Could it make sense to handle these files as "unknown" within IMATCH? There are existing so many file-formats IMATCH can display but not handling them...

Again thank you so much for the (fast) support  ;D!
Glückauf
GERO



Mario

#22
What would making handling these files as "unknown" do?
The problem is not the INDD format but the metadata you place in your files. The 700 references (in the sample images provided) to external documents produce approximately 1 MB of metadata each in the IMatch database => 700 MB of data added for each of your INDD files. This is just how this structured data is transferred, not a bug.
Having so many external references in the chatty Ingredients metadata format is rather uncommon.

I recommend to disable the XMP::xmpMM:Ingredients tag in the Tag Manager.

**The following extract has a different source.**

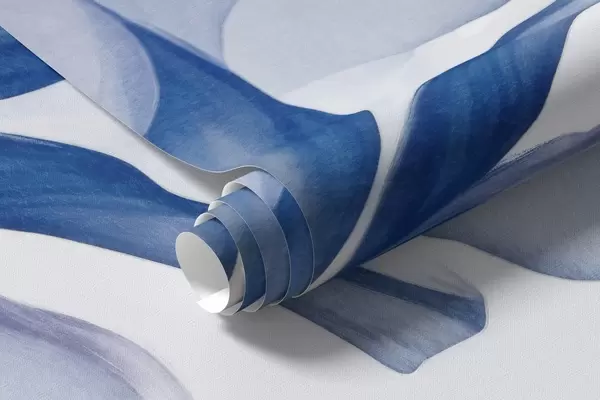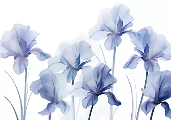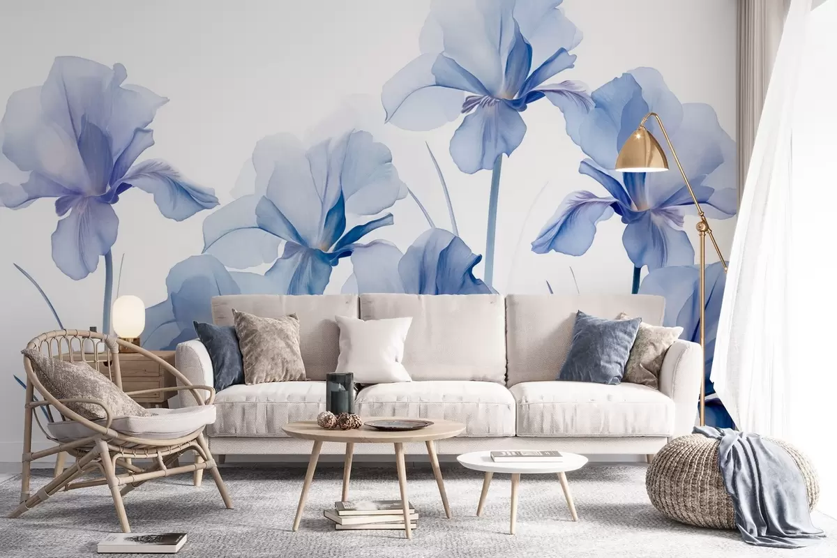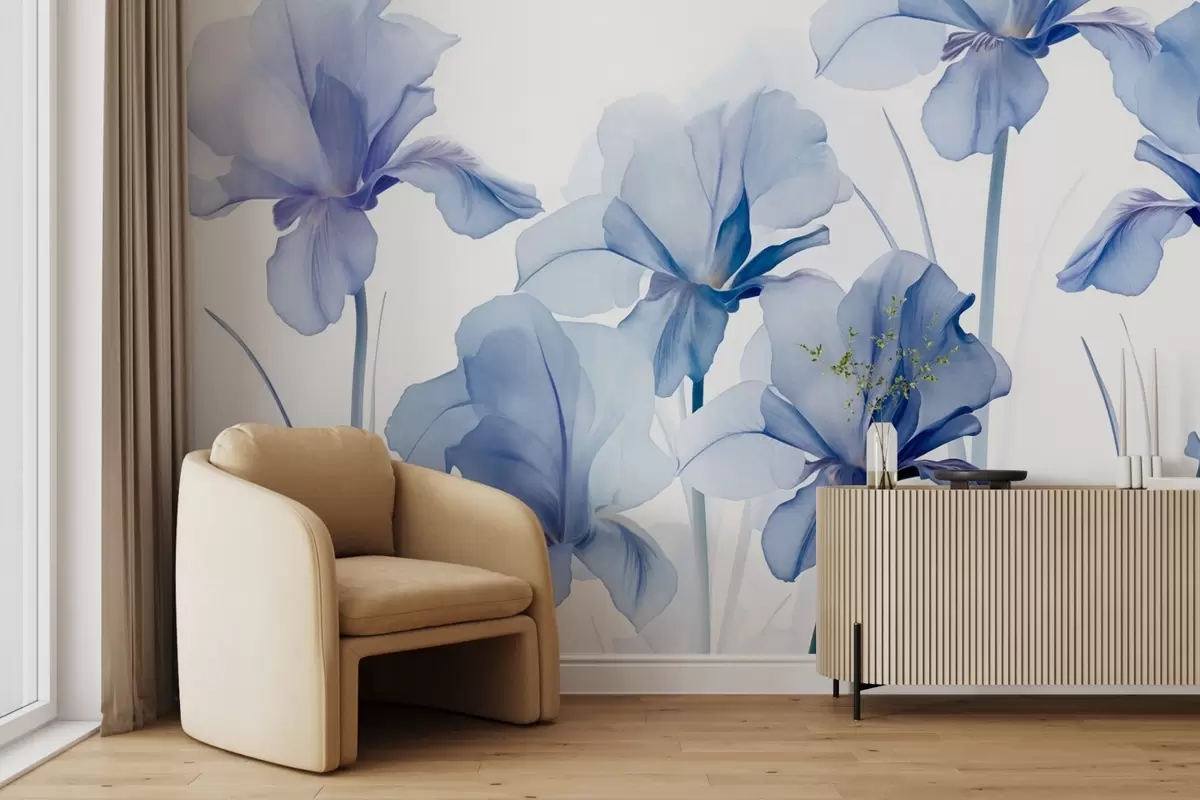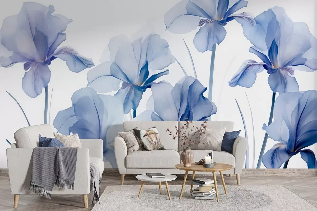 Zidne murale Plavi cvjetovi perunike s prozirnim laticama i dugim stabljikama, poredani u nizu na plavoj pozadini, mekani i teksturirani br. w09379

IMatch then does not need to import the tons of ingredients data and the database will not grow.


Mario

Very good.

There are also some other large chunks of metadata in your files you may want to consider for exclusion.

Manifest Link Form, History Instance ID  Manifest Reference Instance ID, Manifest Reference Last URL etc. Each of these tags contains hundreds of copies of the same value, GUIDs or other data not useful for humans (unless you really need this in IMatch for sorting, searching, filtering, data-driven categeories etc.).

Look at one of your files in the ExifTool Commands Processor to see the data it contains (especially the XMP-xmpMM namespace) and exclude the tags you don't need in the Tag Manager.

miner1

Thank you very much Mario!
No, I don´t need these files for searching etc. These *.indd-files are in the db just because we wanted to keep the INDESIGN file near the location where all the containd references are.
Hopefully this was helpfull for other users too...  :o

Glückauf
Gero

Mario

I have disabled these structured tags by default now (affects only new installations).
These tags are not uncommon, but 700 of them in a single file and each delivered 1 MB of metadata is truly unusual. Else this would have come up earlier.